Piupiumaksmaks (alternatively spelled Peo-peo-mox-mox or Peopeomoxmox; c. 1800 – 1855) was head chief of the Walla Walla tribe and son to the preceding chief Tumatapum. His name meant Yellow Bird, but it was often mistranslated as Yellow Serpent by Europeans.

== Accounts ==
While residing at Fort Hall, Jason Lee was greeted by Yellow Bird who presented the missionary with two horses after a test of his medical skills. Yellow Bird later brought his eldest son, Toayahnu, to be educated at the Methodist Mission, who was christened after Elijah Hedding.
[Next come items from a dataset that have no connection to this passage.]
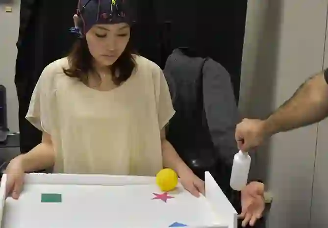 在接下来的试验中,受试者被要求保持相同的姿势,但不同的是是,这次实验环境中多出了一个机械手臂,受试者被要求看着机械手臂并让它抓住旁边的一个瓶子。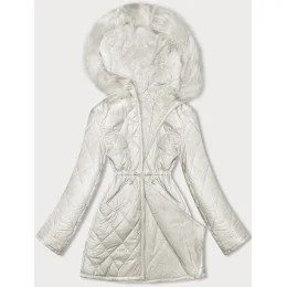 Oboustranná dámská prošívaná bunda - kožíšek v barvě ecru (H-897-11)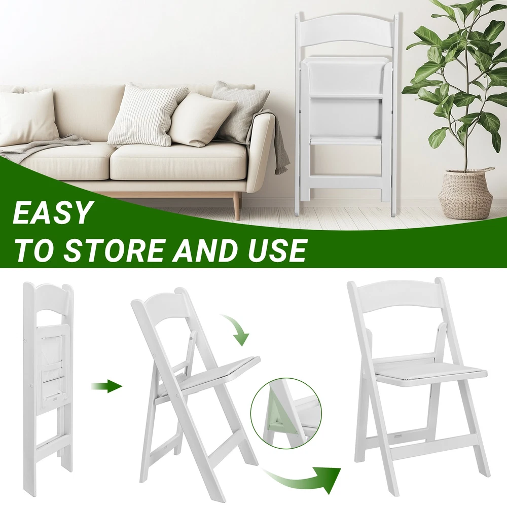 listing template VISIT OUR STORE SIGH UP FOR EMAIL Plastic Folding 4PCS Comfortable Chairs Event Wedding Party Camping Dining Seats Introductions: Experience the perfect blend of comfort and portability with our Folding Chair with Padded Seat. Featuring an ergonomic design and soft PVC leather cushions, these chairs ensure lasting comfort even during long events. Their foldable design allows for easy storage and transport, making them an ideal choice for family gatherings, outdoor camping, weddings, and more. Crafted from durable, weather-resistant materials, these stylish chairs are perfect for both indoor and outdoor use, offering a versatile seating solution for any occasion. Features: 1. Exceptional Comfort: With ergonomic seat and backrest, complemented by soft PVC leather cushions, these chairs are perfect for long hours of sitting, ensuring your guests remain comfortable throughout any event. 2. Effortless Storage and Transport: The folding design allows the chair to open and close in seconds, making storage and transportation a breeze. Whether you're hosting a family gathering, going camping, or planning a celebration, these lightweight chairs are easy to carry and store. 3. Weather-Resistant Durability: Constructed from waterproof and moisture-proof resin material, these chairs offer long-lasting use both indoors and outdoors. 4. Robust Triangular Structure: Engineered to meet the needs of different body shapes, these chairs provide outstanding stability and each chair supports up to 280 lbs. 5. Versatile and Stylish Design: With a simplistic modern appearance, these chairs enhance any setting. Perfect for decorating your garden, embellishing your balcony, or adding elegance to indoor and outdoor events like weddings and church functions. Specifications: 1. Material: PP, Pearl Cotton, PVC Leather 2. Color: White 3. Product Dimensions: (17.5 x 17.1 x 30.7) in / (44.5 x 43.5 x 78) cm 4. Net Weight: 42.3 lbs / 19.2 kg Package Includes: 4 x Folding Chairs Shipping Policy 1. Ship worldwide from New Jersey by reliable shipping companies -- USPS, UPS, FEDEX, DHL, etc., and only to VERIFIED PAYPAL ADDRESS. Transport Delivery ETA. Package handling only takes 1 business day at our warehouse, so please make sure entering correct payment and shipping information before checking out. Once your payment is completed, we are not going to accept any more changes to your order. 2. International Buyers – Please Note: a. Import duties, taxes and charges are not included in the item price or shipping charges. These charges are the buyer's responsibility. b. Please check with your country's customs office to determine what these additional costs will be prior to bidding/buying. 3. Please check your shipping address carefully before checkout, it can't be changed if order completed. 4. Orders placed on weekend will be shipped within 2 days.Notification of shipment with tracking number will be sent to buyers. 5. Standard shipping: 2-7 business days Expedited Shipping: 2-3 business days One-day Shipping: 1 business day International shipping: Varies 6.Ship within 1 business day once payment completed. Notification of shipment with tracking No. will be sent to buyer. 7.We offer discounts for combine shipping. Please contact us first if you need combine shipping, and an invoice with discount will be sent to you. 8.Please allow 5 business days for delivery to US destinations on any eBay orders and 14 business days for delivery to any International destinations. We highly recommend our buyer choose priority/expess mail for international delivery which is much more stable. Return Policies 1. Refunds given only if item DOA and cannot be replaced via PAYPAL . If so, Please contact us with 5 days since you receive the item and and return to us within 30 days from the delivery date for exchange or refund. 2. If you need return, please contact our customer service representative, let us know the detailed problem and send us some pictures for confirmation. Payment Payment should be sent within 8(EIGHT) days of auction closing. Feedback If you are dissatisfied for any reason, please do not be quick to leave negative/neutral feedback. We work hard to make sure EVERY CUSTOMER 100% SATISFIED and resolve any problem for you. Work Time Work Time: Monday to Saturday About Us | Newsletter| Feedback| Contact Us Copyright © 2022 LikeDeal. All rights reserved. 无标题文档 Plastic Folding 4PCS Comfortable Chairs Event Wedding Party Camping Dining Seats Introductions: Experience the perfect blend of comfort and portability with our Folding Chair with Padded Seat. Featuring an ergonomic design and soft PVC leather cushions, these chairs ensure lasting comfort even during long events. Their foldable design allows for easy storage and transport, making them an ideal choice for family gatherings, outdoor camping, weddings, and more. Crafted from durable, weather-resistant materials, these stylish chairs are perfect for both indoor and outdoor use, offering a versatile seating solution for any occasion. Features: 1. Exceptional Comfort: With ergonomic seat and backrest, complemented by soft PVC leather cushions, these chairs are perfect for long hours of sitting, ensuring your guests remain comfortable throughout any event. 2. Effortless Storage and Transport: The folding design allows the chair to open and close in seconds, making storage and transportation a breeze. Whether you're hosting a family gathering, going camping, or planning a celebration, these lightweight chairs are easy to carry and store. 3. Weather-Resistant Durability: Constructed from waterproof and moisture-proof resin material, these chairs offer long-lasting use both indoors and outdoors. 4. Robust Triangular Structure: Engineered to meet the needs of different body shapes, these chairs provide outstanding stability and each chair supports up to 280 lbs. 5. Versatile and Stylish Design: With a simplistic modern appearance, these chairs enhance any settin

Late in 1844, Yellow Bird organised the first Walla Walla expedition, with around 40 Walla Walla, Nez Perce and Cayuse men in addition to their families, reached New Helvetia to trade for cattle. After capturing horses that had been previously stolen an altercation arose with one of Sutter's employees, ending with the death of Toayahnu.

Isaac Stevens met Yellow Bird while headed east to chart a path for a Pacific railway in 1853, finding the chief to have a "dignified manner". Yellow Bird then owned "over 2,000 horses, besides many cattle" and maintained a farm outside Fort Nez Percés.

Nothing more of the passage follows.